At this point, your spreadsheet should have columns for the threadID, round, set, and what indexes that thread compared (two indexes or zero indexes). The statement if ((ixj)>i) { doesn’t use half of the CUDA threads. Rework your logic so that every CUDA thread participates. Your goal is to get each CUDA thread to work on two indexes total. That will require half as many CUDA threads to work on the same array size (or said another way, you can keep the number of threads per CUDA block the same, and just have your kernel now work with twice as many index values as before).

• Using the spreadsheet, create a second set of columns. In these columns, find a way to generate all array index compare and swaps so that every thread now participates on two indexes, and does the comparison properly. I personally changed the i variable to threadID, changed [i] to [index1], and [ixj] to [index2]. I was able to compute index1, index2, and the ascending/descending from the k/round, j/set, and i/threadID variables only by using addition, multiplication, and integer division (which is QUOTIENT(var1, var2) in spreadsheet formulas). Bitwise instructions will probably be even more efficient. Note that the rows won’t match with values. Previously half of the threads did no work. But in this new set of columns, all threads work on two indexes. Just make sure that all indexes are properly covered in the new indexes.

• Once the new spreadsheet columns demonstrate proper logic, translate this into CUDA/C++ code.

Update accordingly the printf statements for debugging/comparison.

• Update the kernel invocation to account for the fact that somehow you need only half as many threads as before (or said another way, each kernel can work with twice as many index values).

• Test your code and ensure it sorts. Carefully dial up the array size by increasing powers of two.

Test and ensure it works. Increase the array size so that two CUDA blocks are required. Test and ensure it works.
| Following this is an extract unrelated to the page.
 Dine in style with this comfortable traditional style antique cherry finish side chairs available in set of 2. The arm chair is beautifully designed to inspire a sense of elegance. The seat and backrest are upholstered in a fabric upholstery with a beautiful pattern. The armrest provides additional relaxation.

Continue to increase the array size until it matches your initial comparison benchmark. Obtain timings. Make sure you remove all printf statements and all cudaDeviceSynchronize() prior to obtaining this timing (except the last one before the timer records t2). Save this .cu as a separate finished file (mod1.cu) as it’s needed for your submission.
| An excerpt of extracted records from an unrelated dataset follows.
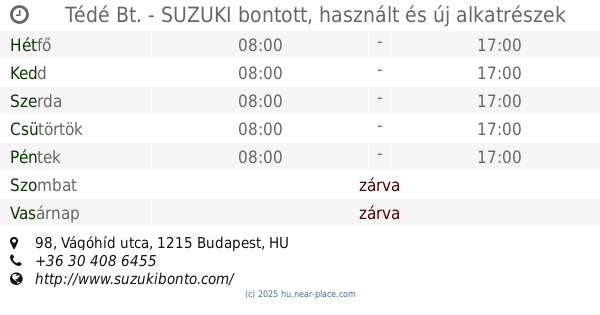 | Vasárnap | zárva | |||||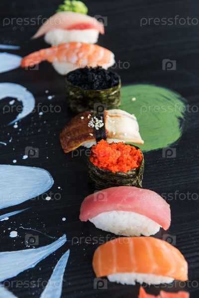 Различные виды суши подаются на деревянном черном столе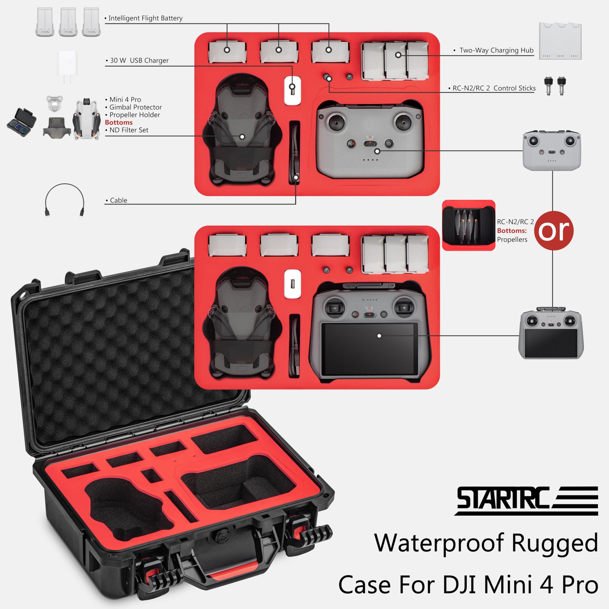STARTRC Mini 4 Pro case, waterproof hardshell storage bag for DJI Mini 4 Pro/Mini 3/3 Pro RC accessories (RC/N1/N2)

Modification #2 – Merge together kernels

This step requires you split apart the j/set loop and place some iterations in CPU code and some iterations in GPU code. The overall concept is that when one kernel’s block of threads work with indexes that are independent of another kernel’s block of threads, then the j/set loop can now iterate inside the kernel, rather than requiring multiple kernel calls.

The below figure is the goal. Here the array is 32 elements, each CUDA thread block is 8 threads, and each thread works on one element of the array (all threads do work). Each blue box is a kernel call. Each purple box is a block. Each green line is a __syncthreads() barrier to prevent a race condition. Each kernel gets two thread blocks.
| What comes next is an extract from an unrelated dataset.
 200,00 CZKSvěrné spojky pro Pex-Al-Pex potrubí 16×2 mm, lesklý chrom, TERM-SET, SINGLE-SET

(Unused optimization: Technically the first 4 kernels (blue boxes) could be rearranged into a different pattern of two kernels as there aren’t any dependencies. In other words, in the figure’s first 4 kernels, data between [0,15] never interacts with data between [16,31].) The visual perspective can be generalized. If a CUDA thread block is 16 threads, then the number of blocks per kernel is 1, then the final two kernels (blue boxes) can be merged into one, and one block (purple box) is used per kernel, and the final kernel would have 4 __syncthreads calls (green lines).

Another way to see the pattern is observing j loop iterations in a GPU kernel. Here each thread block is 8:

1 iteration (j = 1)

2 iterations (j = 2, 1)

3 iterations (j = 4, 2, 1)

4 iterations (j = 8, 4, 2, 1)

1 iteration (j = 16)

4 iterations (j = 8,4,2,1) < - - - - - - The figure ends here

1 iteration (j = 32)

1 iteration (j = 16)

4 iterations (j = 8,4,2,1)

1 iteration (j = 64)

1 iteration (j = 32)

1 iteration (j = 16)

4 iterations (j = 8,4,2,1)

... and so on ...

For 512 threads per block it becomes:

1 iteration (j = 1)

2 iterations (j = 2, 1)

3 iterations (j = 4, 2, 1)

4 iterations (j = 8, 4, 2, 1)

5 iterations (j = 16, 8, 4, 2, 1)

6 iterations (j = 32, 16, 8, 4, 2, 1)

7 iterations (j = 64, 32, 16, 8, 4, 2, 1)

8 iterations (j = 128, 64, 32, 16, 8, 4, 2, 1)

9 iterations (j = 256, 128, 64, 32, 16, 8, 4, 2, 1)

1 iteration (j = 512)

9 iterations (j = 256, 128, 64, 32, 16, 8, 4, 2, 1)

1 iteration (j = 1024)

1 iteration (j = 512)

9 iterations (j = 256, 128, 64, 32, 16, 8, 4, 2, 1)

1 iteration (j = 2048)

1 iteration (j = 1024)

1 iteration (j = 512)

9 iterations (j = 256, 128, 64, 32, 16, 8, 4, 2, 1)

... and so on ...

This step again can feel like indexing hell. I recommend the following:

• Start by sizing down the array so that only one thread block is used. Ensure that each kernel calls only 1 block.

For example, an array of 32 indexes and thread blocks is 16. Get this to work before attempting larger arrays.

• Implement a j/set loop inside of the GPU code. At the last line inside the GPU’s j loop, add __syncthreads() to prevent a race condition where one warp within a block may get ahead and compute before other warps have started.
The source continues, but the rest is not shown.